Mais le leader du CD&V, le parti chrétien-démocrate et flamand, a gagné les élections législatives de juin 2007. Et donc le droit de gouverner. À l’époque, il n’avait pris ses fonctions de Premier ministre qu’en mars 2008, après 233 jours d’âpres négociations sur la composition et le programme du gouvernement. Quatre mois plus tard, incapable de faire travailler ensemble Flamands et Wallons à une réforme des institutions, il avait été contraint de démissionner. Remis en selle par le roi, il avait rechuté en décembre, accusé d’avoir fait pression sur la justice pour favoriser le rachat de la banque Fortis par sa consœur française BNP Paribas. Blanchi quelques mois plus tard, il s’était vu offrir le ministère des Affaires étrangères.
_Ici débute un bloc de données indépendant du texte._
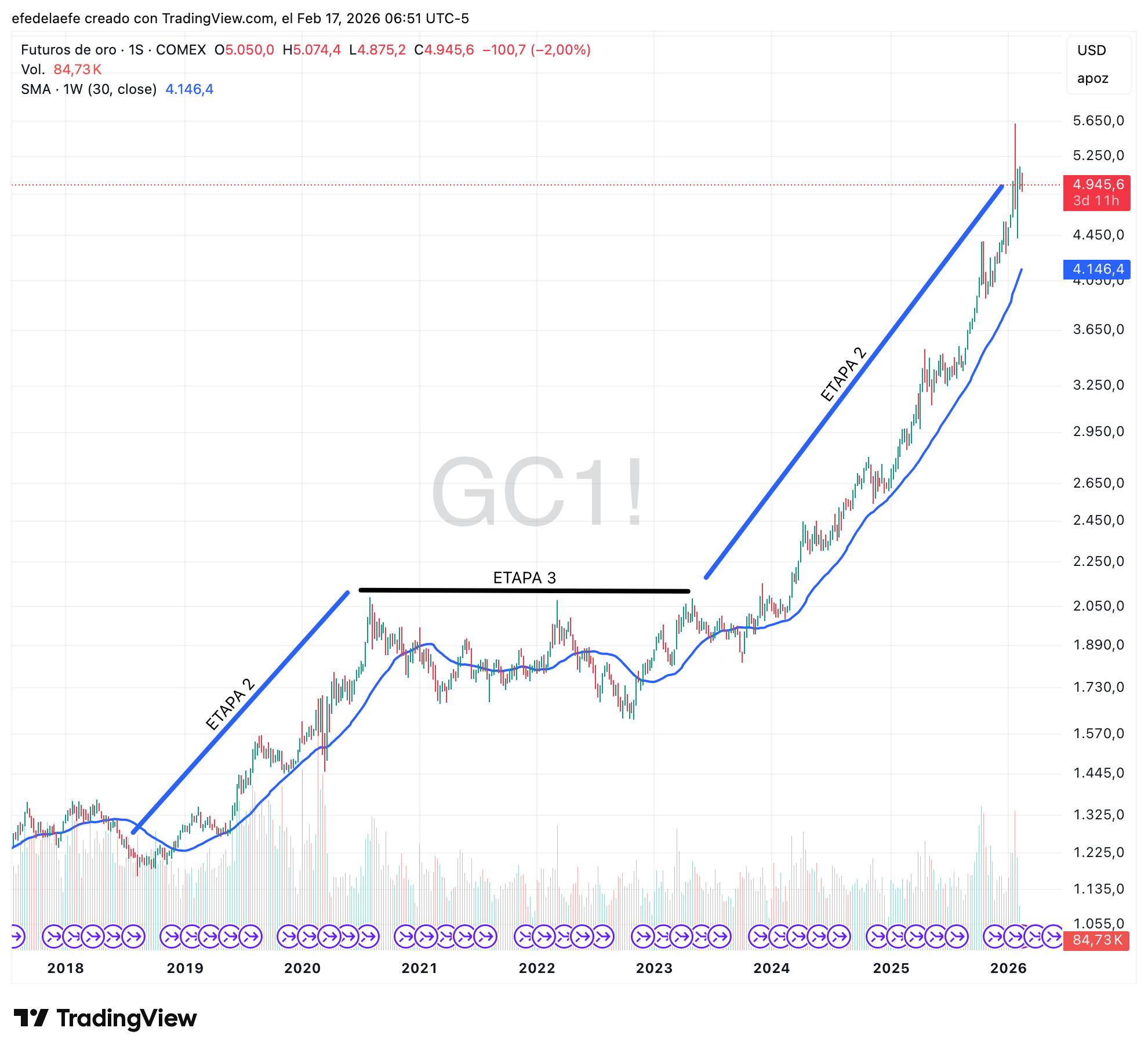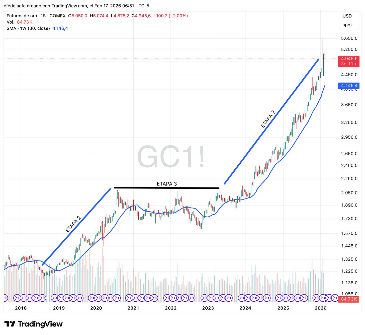 Mucha gente asume que el ciclo siempre es lineal: 1→2→3→4→1. Pero el oro demuestra que una Etapa 3 puede resolverse con una nueva Etapa 2 en lugar de colapsar a Etapa 4.
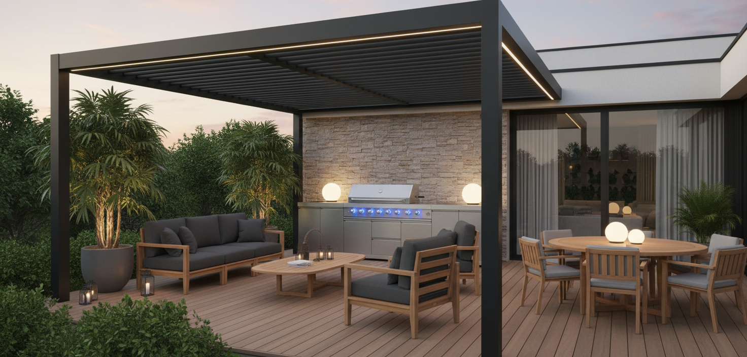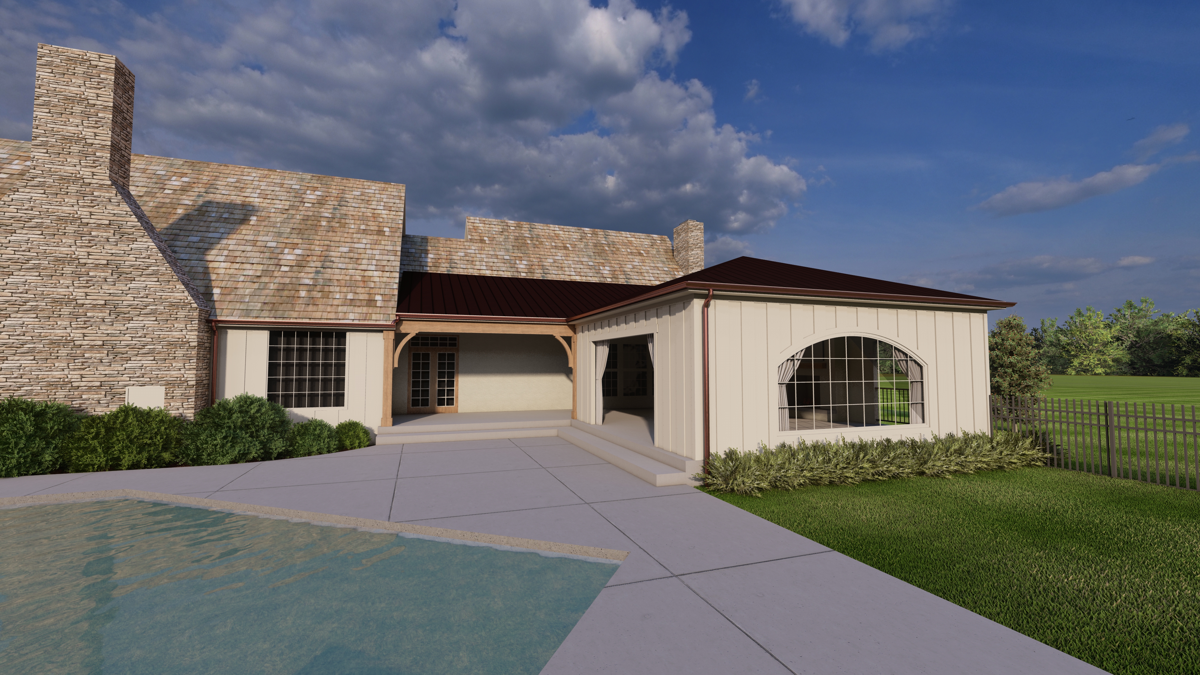 realistic render cloudy sky simple shrubs manicured lawn wooded background

Il s’en était jusqu’ici plutôt bien sorti, mais la difficulté de la tâche était évidemment sans commune mesure avec celle de chef de gouvernement d’un pays au bord de l’éclatement…

À Bruxelles, beaucoup s’inquiètent aussi de son état de santé après l’hémorragie interne dont il a été victime en février 2008. Car Yves Leterme va avoir besoin de toutes ses forces pour poursuivre les réformes et amortir les chocs de la crise économique.

Mais c’est surtout sur le dossier de la scission de l’arrondissement électoral et judiciaire de Bruxelles-Hal-Vilvorde, à cheval sur les régions de Flandre et de Bruxelles-Capitale, qu’il est attendu. Les Flamands exigent depuis longtemps l’éclatement dudit arrondissement ; les francophones s’y opposent, craignant d’y perdre leurs avantages.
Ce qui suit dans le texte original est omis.